_WHAT THE EXERCISE ASKS_: With pictures left out, output exactly the lines from the line holding "Introducing a unique" through the end of the data, both included.

_DATA SEGMENT_:
--- START ---
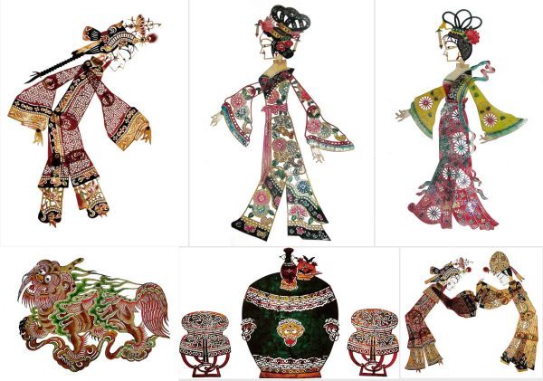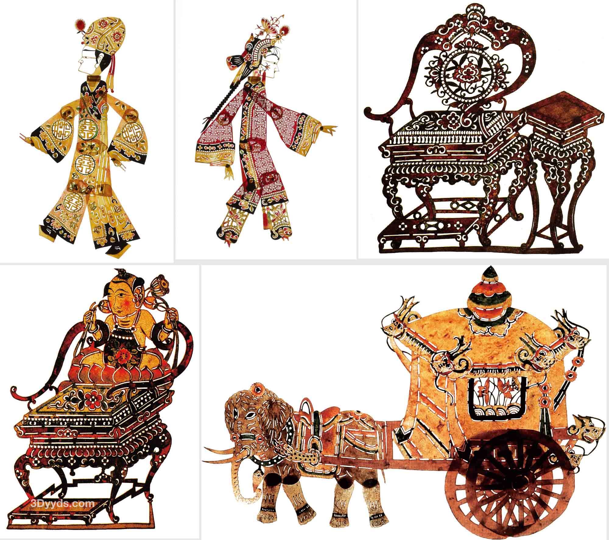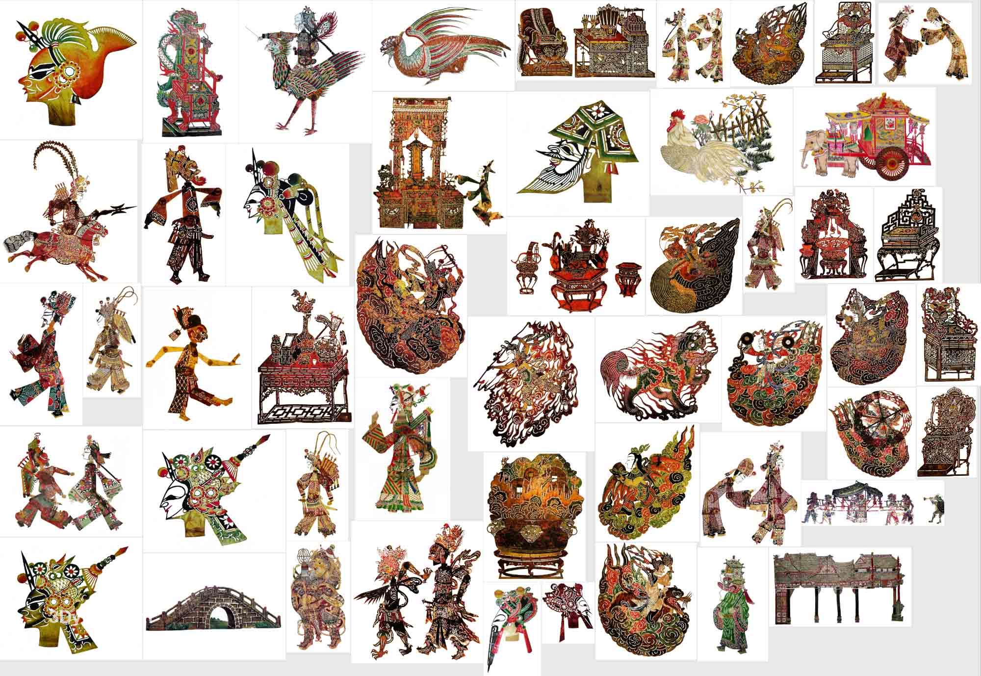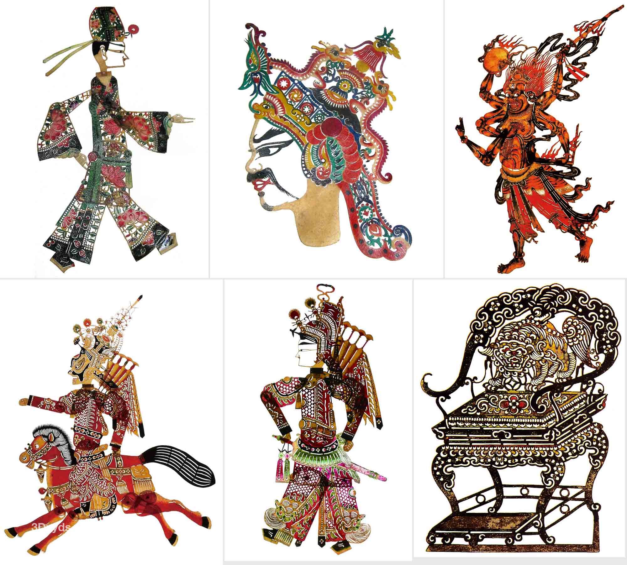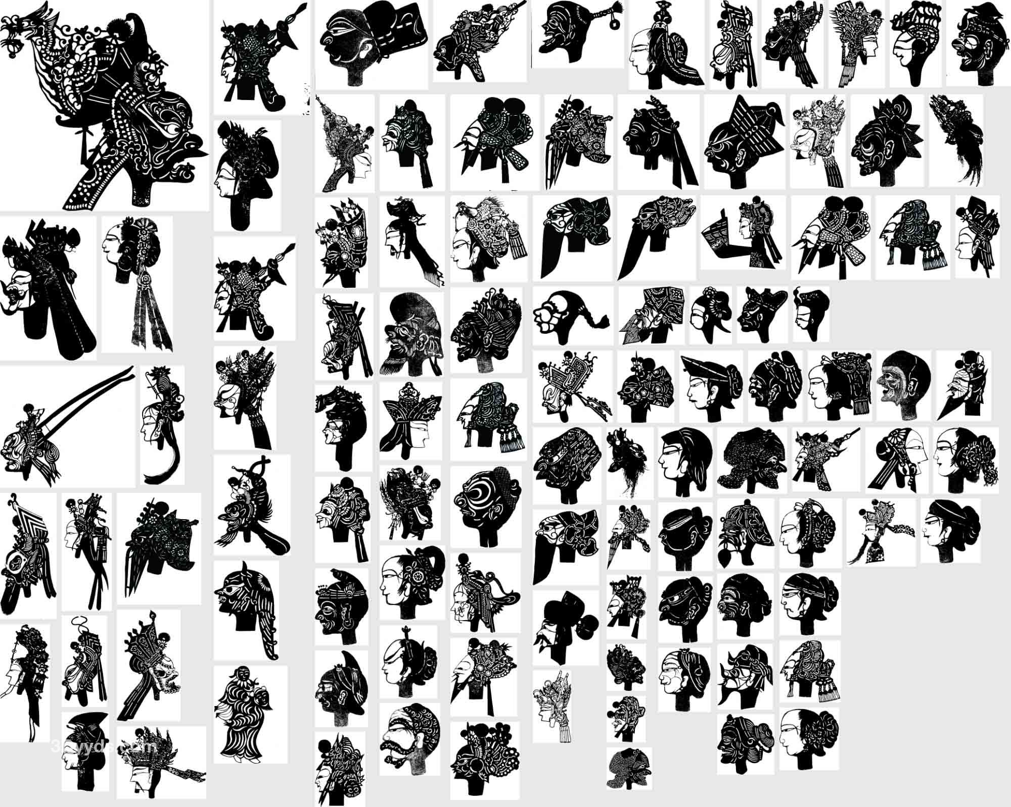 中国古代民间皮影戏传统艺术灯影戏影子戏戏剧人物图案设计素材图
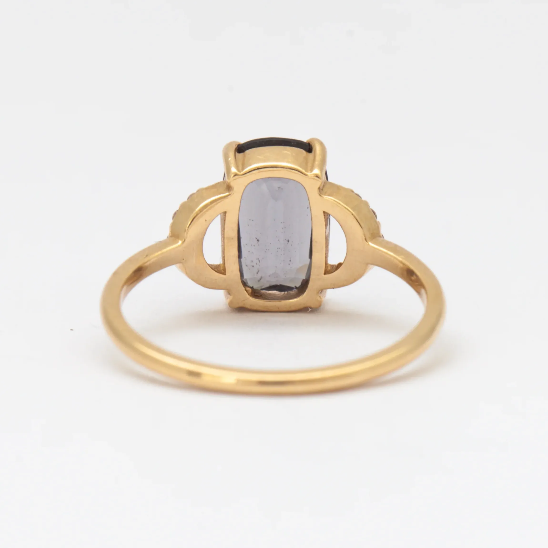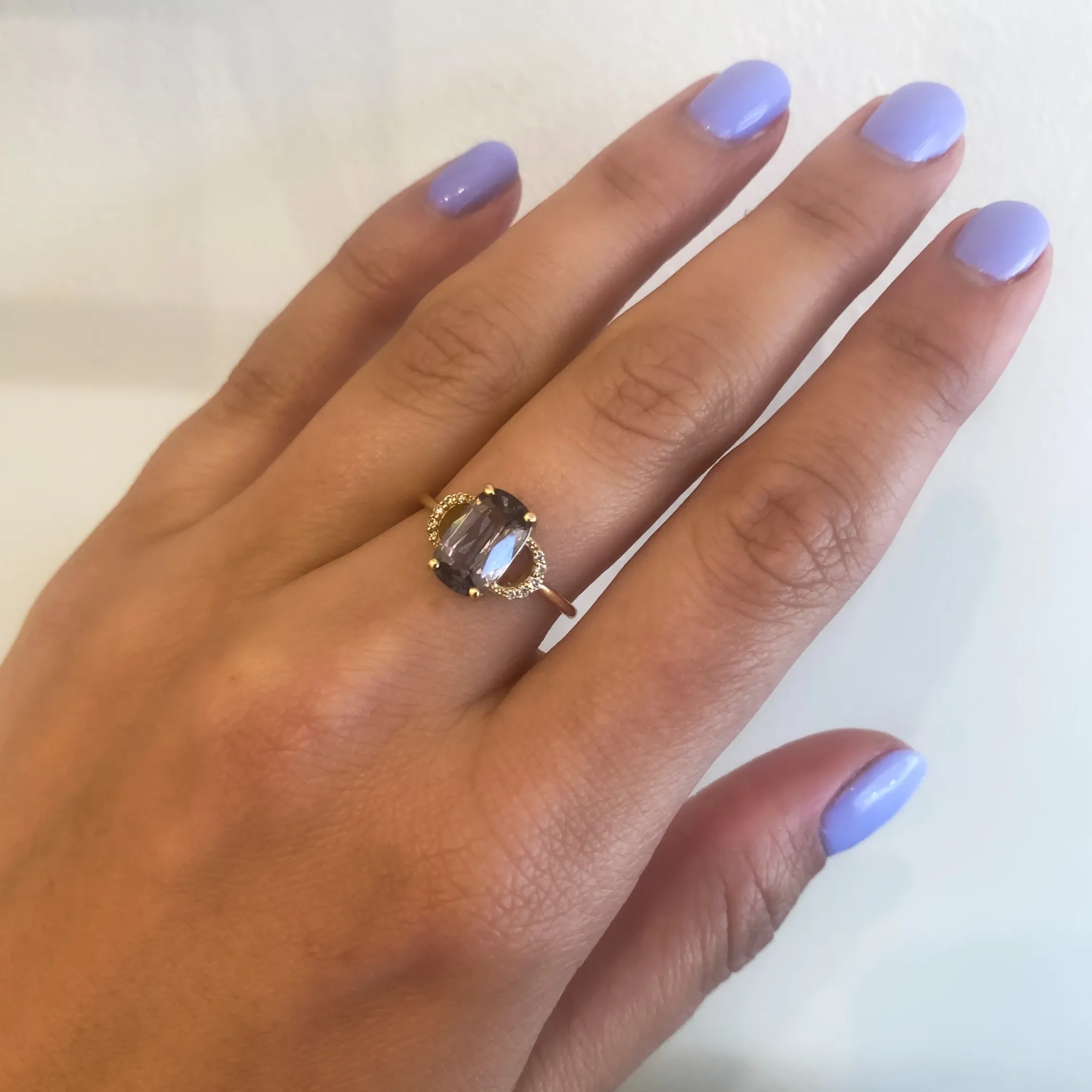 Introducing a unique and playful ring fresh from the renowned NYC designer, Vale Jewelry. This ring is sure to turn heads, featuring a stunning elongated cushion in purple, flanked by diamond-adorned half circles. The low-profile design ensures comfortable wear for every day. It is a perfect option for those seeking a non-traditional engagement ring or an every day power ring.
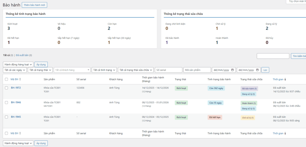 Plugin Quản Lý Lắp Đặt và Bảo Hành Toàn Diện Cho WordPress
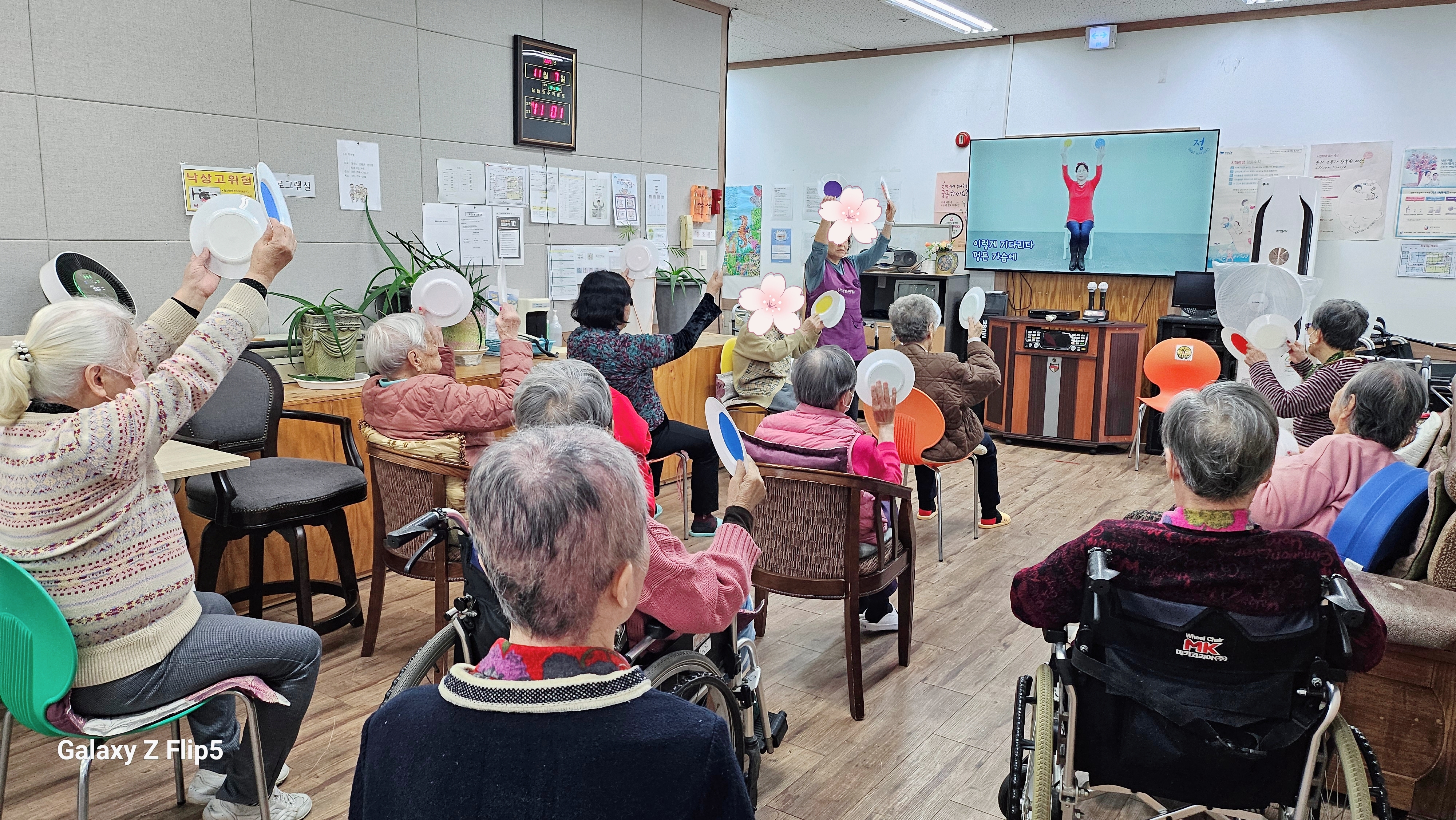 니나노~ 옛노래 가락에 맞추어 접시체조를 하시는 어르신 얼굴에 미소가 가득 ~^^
--- END ---
_REPLY TO THE EXERCISE_:
 Introducing a unique and playful ring fresh from the renowned NYC designer, Vale Jewelry. This ring is sure to turn heads, featuring a stunning elongated cushion in purple, flanked by diamond-adorned half circles. The low-profile design ensures comfortable wear for every day. It is a perfect option for those seeking a non-traditional engagement ring or an every day power ring.
 Plugin Quản Lý Lắp Đặt và Bảo Hành Toàn Diện Cho WordPress
 니나노~ 옛노래 가락에 맞추어 접시체조를 하시는 어르신 얼굴에 미소가 가득 ~^^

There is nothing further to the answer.